» **About this task**:
Word for word, restate the lines of the data below between those holding "- This solid" and "根據(jù)傳統(tǒng)", inclusive; pictures do not belong in the copy.
BEGIN Supplied records
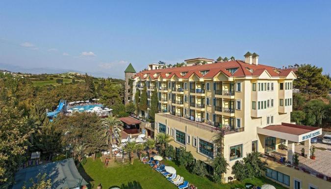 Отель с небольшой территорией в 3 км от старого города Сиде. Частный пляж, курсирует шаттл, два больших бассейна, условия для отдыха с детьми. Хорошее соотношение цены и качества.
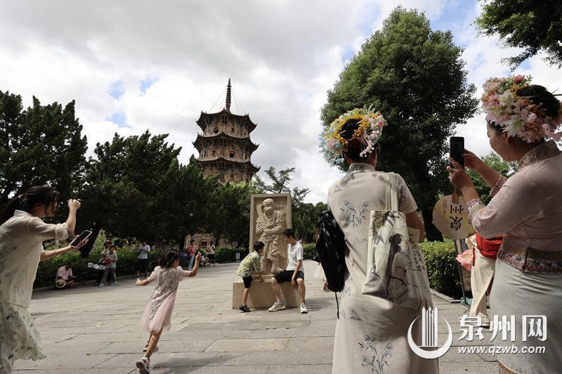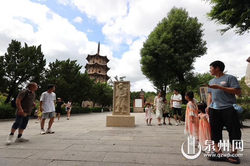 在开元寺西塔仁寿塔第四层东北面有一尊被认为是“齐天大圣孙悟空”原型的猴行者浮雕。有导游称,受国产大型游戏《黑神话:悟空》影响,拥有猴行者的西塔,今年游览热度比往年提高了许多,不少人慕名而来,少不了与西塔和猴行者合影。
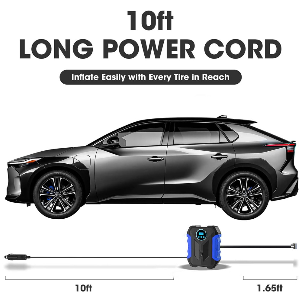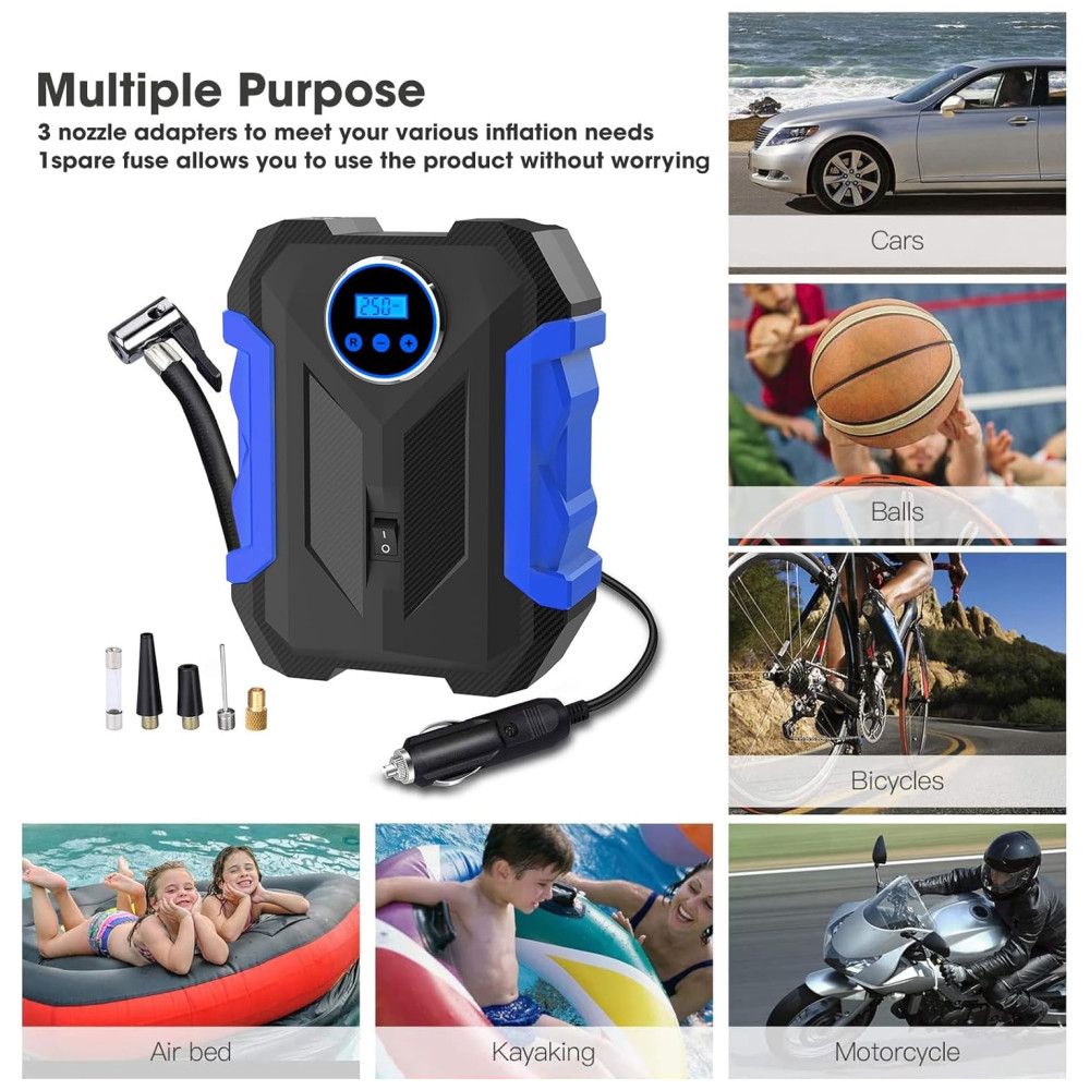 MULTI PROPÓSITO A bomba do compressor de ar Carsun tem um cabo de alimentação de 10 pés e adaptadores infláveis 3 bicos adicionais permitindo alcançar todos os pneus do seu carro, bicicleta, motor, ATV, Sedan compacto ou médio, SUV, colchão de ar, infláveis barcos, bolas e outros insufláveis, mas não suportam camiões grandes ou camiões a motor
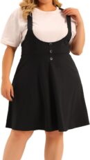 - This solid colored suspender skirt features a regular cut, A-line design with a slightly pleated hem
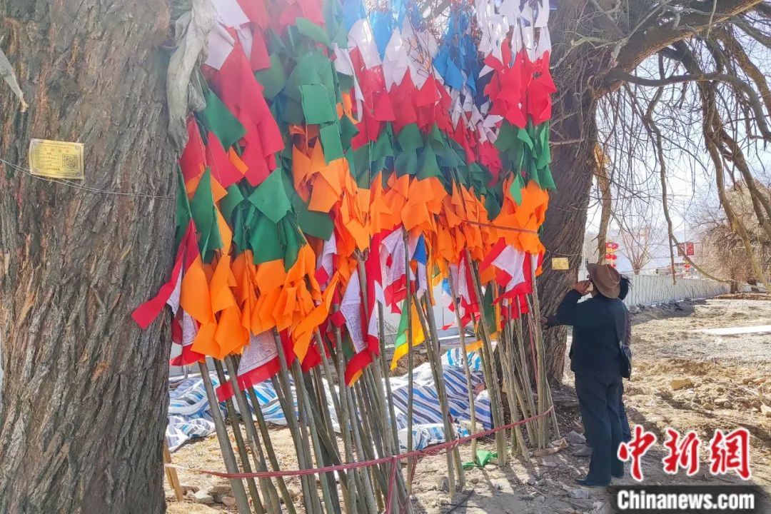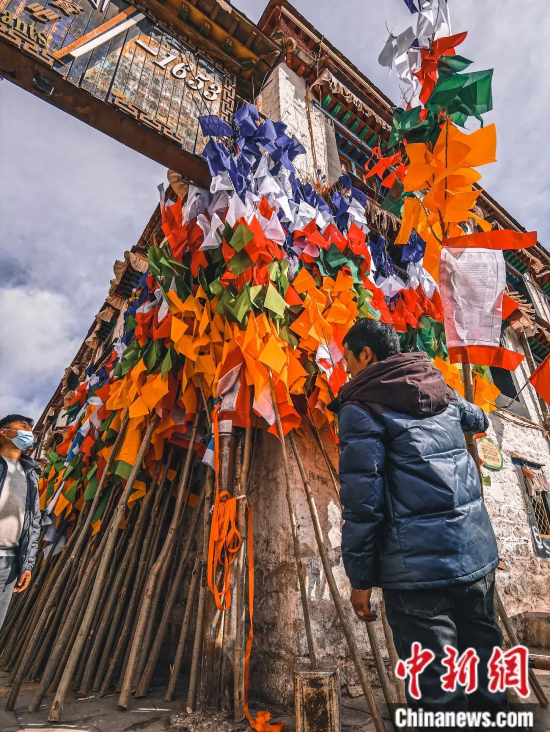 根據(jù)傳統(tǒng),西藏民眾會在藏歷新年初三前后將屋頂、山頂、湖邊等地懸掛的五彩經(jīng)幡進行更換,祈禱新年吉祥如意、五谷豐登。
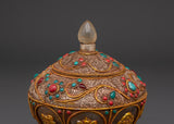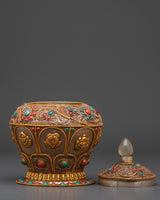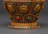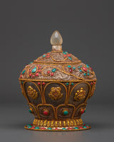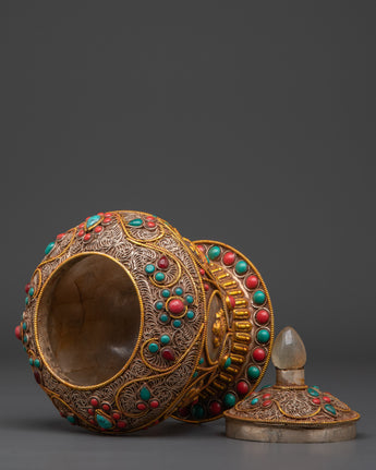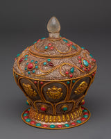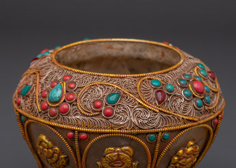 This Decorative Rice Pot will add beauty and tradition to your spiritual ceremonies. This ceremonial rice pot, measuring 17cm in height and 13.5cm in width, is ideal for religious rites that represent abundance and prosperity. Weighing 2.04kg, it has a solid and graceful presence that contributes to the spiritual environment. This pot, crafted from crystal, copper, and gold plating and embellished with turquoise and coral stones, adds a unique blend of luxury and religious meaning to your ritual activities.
END Supplied records
» **Output for this task**:
 - This solid colored suspender skirt features a regular cut, A-line design with a slightly pleated hem
 根據(jù)傳統(tǒng),西藏民眾會在藏歷新年初三前后將屋頂、山頂、湖邊等地懸掛的五彩經(jīng)幡進行更換,祈禱新年吉祥如意、五谷豐登。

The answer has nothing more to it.